Lettre d'information de Pénombre
association française régie par la
loi du 1er juillet 1901 |
LA STATISTIQUE
est une science éminemment gaie et qui n’exige aucun surmenage
intellectuel, sans compter que ceux qui s’en occupent ont toujours
énormément de temps devant eux pour livrer leur petit
travail. Pourquoi cette longanimité des grandes administrations
à l’égard de leurs statisticiens ? Voilà
un problème que je ne me charge pas d’élucider.
Encore une de ces mille énigmes qui déconcertent les plus
clairvoyants des humains.
Chaque administration a son système de statistique, mais je crois
qu’il en existe peu d’aussi curieux que celui employé
à la compagnie de nos omnibus parisiens. Ainsi, par exemple,
ces messieurs sont actuellement en train d’évaluer le nombre
approximatif de voyageurs que leurs voitures transporteront en l’an
1900. Voici comment ils opèrent :
Prenons, par exemple, le cas de l’omnibus Batignolles - Clichy.
En 1889, date de la précédente exposition universelle,
ladite ligne a transporté 9 847 433,17 voyageurs.
Il est clair, disent ces messieurs, qu’en l’an 1, ladite
ligne en aurait transporté 1 889 fois moins.
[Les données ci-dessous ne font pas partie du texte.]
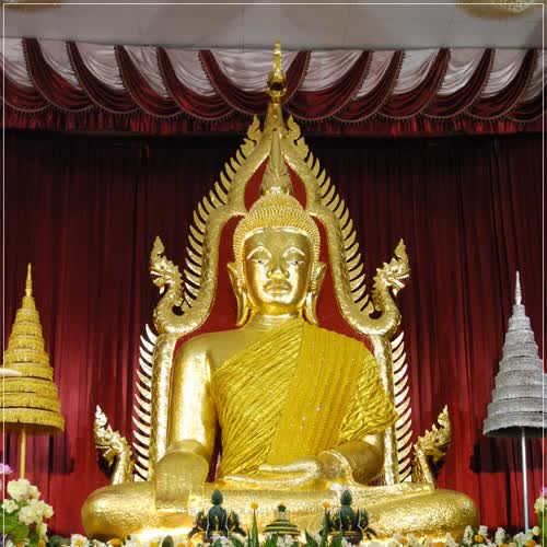 | คำอธิบาย : พระเจ้าใหญ่อินทร์แปง พระพุทธรูปคู่บ้านคู่เมืองของชาวอุบลราชธานี ประดิษฐาน ณ วัดมหาวนาราม มีขนาดหน้าตักกว้าง 6 ศอก สูงจากเรือนแท่นถึงเปลวพระโมลี 10 ศอก ลงรักปิดทองด้วย เป็นพุทธศิลปะที่งดงาม เพื่อเป็นองค์แทนสมเด็จพระสัมมาสัมพุทธเจ้า สร้างเสร็จเมื่อวันเพ็ญเดือนห้า ตรงกับวันอาทิตย์ เดือนเมษายน ช่วงเวลาบ่ายสามโมง ซึ่งปรากฏในศิลาจารึกที่ด้านหน้าองค์พระ จึงกำหนดเอาวันเพ็ญเดือนห้าเป็นวันจัดเฉลิมฉลองพระเจ้าใหญ่อินทร์แปงเป็นประจำทุกปี ประชาชนหลั่งไหลกันมากราบนมัสการขอพรดลบันดาลให้ประสบสุขตลอดไป นอกจากนี้แล้วในช่วงเทศกาลวันสงกรานต์ ทางวัดก็ได้เปิดโอกาสให้ประชาชนเข้าไปสรงน้ำพระเจ้าใหญ่อินทร์แปงด้วย |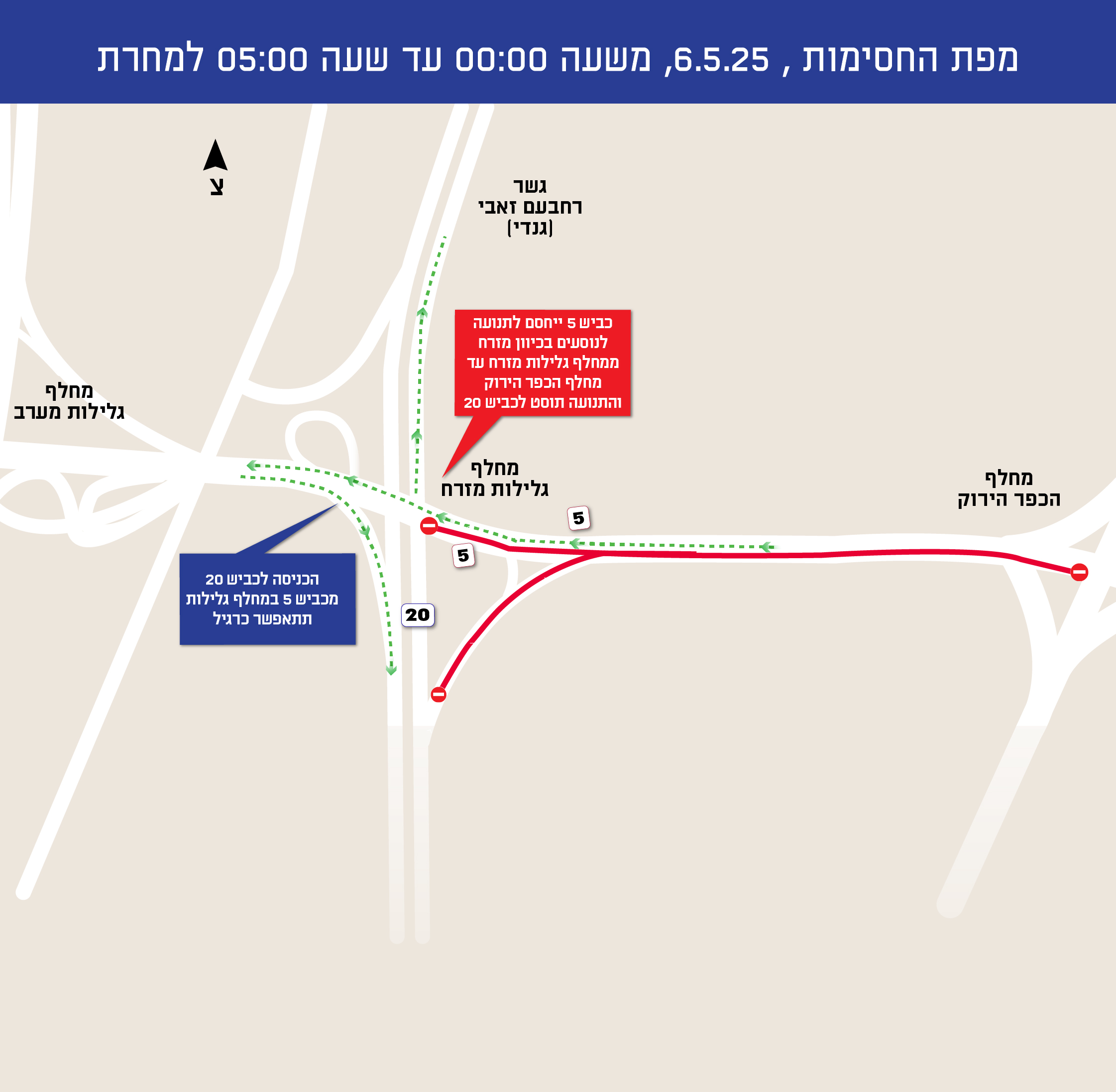בלילה שבין שלישי לרביעי, 06.05.25, משעה 00:00 עד שעה 05:00, ייחסם כביש 5 לנוסעים בכיוון מזרח, בין מחלף גלילות מזרח למחלף הכפר הירוק, עקב עבודות להתקנת גשר שילוט במסגרת פרויקט 'נתיבים מהירים'.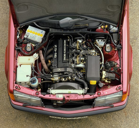 The 2.3-liter 4-cylinder engine with normal compression developed 136 hp. The 2.6-liter version with the 166 hp 6-cylinder engine from the 260 E was a minor sensation due to the fact that it had been possible to fit this engine into the 190.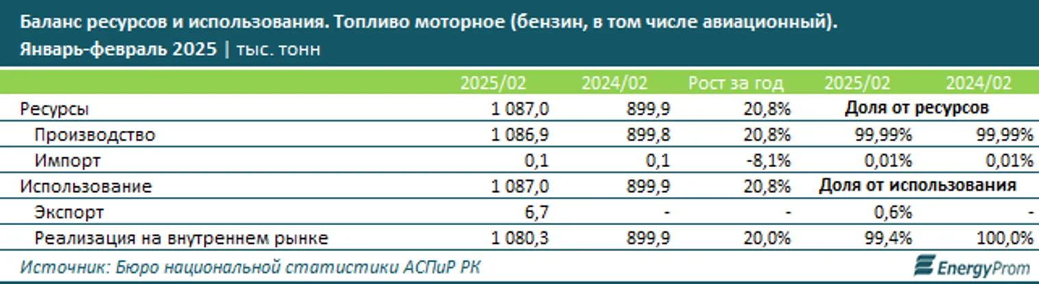 Заметим: за январь-февраль текущего года казахстанские компании обеспечили внутренний спрос на бензин почти полностью: на 99,99%. За два месяца в стране было произведено 1,1 млн тонн бензина — на 20,8% больше по сравнению с аналогичным периодом 2024-го.
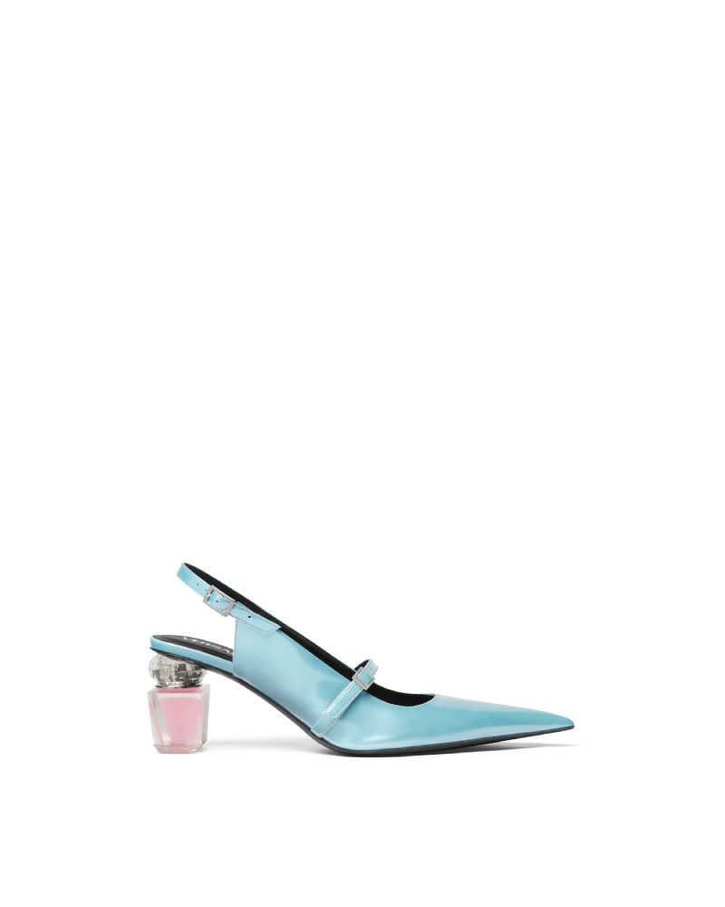 Las tendencias de accesorios 2025 están apuntando a una vuelta a los estilos más clásicos y formales; especialmente en el terreno del calzado. Los zapatos slingback están haciendo un comeback muy fuerte como silueta estrella, pero los de Versace tienen un componente más extra. Los de su nueva colección apuestan por exagerar la silueta con un tacón joya en forma de botella de cristal y con empeines decorados con brillantes. Y si eso no es suficiente, se ofrecen en colores de acabado metálico ideales para la temporada.

Et non moins clair qu’en 1900 elle en transportera 1 900 fois
plus.
Il n’y a donc plus qu’à exécuter une simple
règle de trois et à accomplir ce petit calcul, 9 847 433,17
X 1900 / 1889.
Un bébé de vingt mois tant soit peu précoce se
tirerait facilement d’une opération aussi limpide. Et le
plus curieux, c’est que les résultats ainsi obtenus sont
généralement couronnés de succès. Que M.
Brunetière cesse donc une bonne fois de nous raser avec la banqueroute
de la science !
Alphonse Allais,
Ne nous frappons pas
Le Code général des impôts comporte
déjà 5 279 articles. Ces articles étant souvent
totalement incompréhensibles, la Direction générale
des impôts (DGI) fournit une « documentation fiscale »
pour ceux qui en auraient besoin.
En 2001, cette aide précieuse destinée donc à simplifier
la vie des chefs d’entreprise atteignait 32 531 pages : 6 915
pages pour la fiscalité personnelle, 6 878 pages pour la fiscalité
des entreprises, 5 104 pages pour le contrôle fiscal, 4 185 pages
pour les enregistrements, 4 073 pages pour la TVA, 1 917 pages pour
les impôts directs locaux, 1 849 pages pour le recouvrement et
1 610 pages pour la fiscalité immobilière. Kafka ferait
aujourd’hui une belle carrière comme directeur à
Bercy.
Ajoutons que ce fameux Code général des impôts de
5 279 articles qui nécessite 32 531 pages d’explications
a subi, au cours de la seule année 2000, 1 234 modifications.